Corrigan: Olympic-level embarrassment


In light of the ongoing winter Olympics, I thought about what my own Olympic event could be.

Now, I’m not some paragon of athletic prowess. I come from Minnesota originally, and I dabbled in hockey because it’s practically mandatory service there, but I’ve never been “great” at sports.

Decent, sure. But great? Not a chance. However, there is one area of life in which I am truly spectacular—embarrassment.

So, here’s the deal. I’ve compiled a few of my favorite embarrassing moments that were Sunflower appropriate. (Many were too horrific to be mentioned. Those are for therapy.)

If you find yourself nodding at shared experiences, give yourself a pat on the back and an honorary gold medal from me. You’ve made it through that moment. Congratulations. It can’t get much worse.

No. 1: That embarrassing moment when: your phone goes off in class when your teacher just happens to be talking about the Holocaust. Two years ago I lost a bet, therefore I changed my ringtone to LMFAO and Lil’ Jon’s “Shots”. I thought for sure that I had my phone switched to silent, but just as we were discussing the atrocities of the concentration camps, Lil’ Jon’s voice boomed from the bowels of my bookbag, “SHOTS, SHOTS, SHOTS, SHOTS ERRRRRRRYBODY!” The class laughed, the teacher was annoyed, and I died 10,000 deaths.

No. 2: That embarrassing moment when: The class is silently reading a deep, heart-wrenching poem and your stomach pretends like you haven’t eaten in approximately 99 years. The angry hobbit in your stomach starts growling at you because you skipped Levensies, making it impossible for anyone to focus on the suffering of Sylvia Plath.

No. 3: That embarrassing moment when: Unbeknownst to you, you step in dog poop on your way to your car. You sit down in your jam-packed lecture hall of 200 students, and people start calling out, “Why does it smell like poop? Who stepped in poop?” Guess what? You did. You realize this, and try to weasel your way out of the back doors, but find them to be locked. You have to take off your poop shoe, and walk out the front door before the eyes of 200 judgey, poop-incensed students.

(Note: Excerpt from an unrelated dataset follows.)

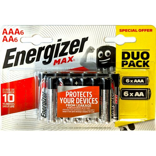 Батарека Energizer MAX набор 6xAAA + 6xAA, 12 штук в блистере (6 штук мизинчиковых + 6 штук пальчиковых)
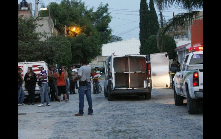 Jalisco | Los hechos se dieron en la Colonia Flores Magón Dan muerte a un hombre en la cochera de su casa Los hechos se dieron en la Colonia Flores Magón; le dispararon en dos ocasiones entre el tórax y abdomen Por: EL INFORMADOR 15 de septiembre de 2011 - 20:28 hs Paramédicos encontraron muerto un hombre identificado como Juvenal Aranda Pérez. O. RUVALCABA / TONALÁ, JALISCO (15/SEP/2011).- Cuando un hombre se encontraba en la cochera de su casa fue ejecutado por dos sicarios la tarde del jueves, en calles del municipio tonalteca. Fue alrededor de las 18:30 horas de este jueves, cuando elementos de la Policía Municipal recibieron reportes de una persona herida por arma de fuego, en el cruce de las calles Álamo y Linda Vista, en la Colonia Flores Magón. Al llegar junto con paramédicos encontraron muerto un hombre identificado como Juvenal Aranda Pérez, de 54 años de edad; le dispararon en dos ocasiones entre el tórax y abdomen. De acuerdo con lo explicado por los municipales, dos sicarios llegaron en una camioneta blanca y bajaron de ésta interceptando al hombre. Acto seguido lo metieron a su vivienda junto con una mujer que lo acompañaba quien fue sometida mientras el segundo pistolero ejecutaba al hombre. Ellos escaparon a pesar de que la Policía Municipal los buscó en la zona del crimen. Agentes de la Procuraduría estatal acudieron a realizar las investigaciones del caso junto con personal del Instituto Jalisciense de Ciencias Forenses, quienes encontraron dos casquillos del calibre 9 milímetros como evidencia del homicidio. EL INFORMADOR / OMAR RUVALCABA Temas Seguridad Ejecutados en Jalisco Lee También Gobierno de Jalisco reconoce histórico triunfo en la Paralimpiada Nacional EN VIVO: Maiceros bloquean carretera Guadalajara-Morelia ¿Qué exigen los productores de maíz? Aquí te decimos Liberan carretera Guadalajara-Morelia tras bloqueo de maiceros Recibe las últimas noticias en tu e-mail Todo lo que necesitas saber para comenzar tu día Registrarse implica aceptar los Términos y Condiciones

No. 4 That embarrassing moment when: You’re wearing a floor-length cardigan and you walk down the stairs in your lecture hall, and you don’t realize that your sweater has enveloped the head of the girl sitting on the end of the row. She’s a complete stranger, and you’ve sweater-sleepingbagged her.  Still cringing.

Embarrassment happens. Own it, and try not think about it too much.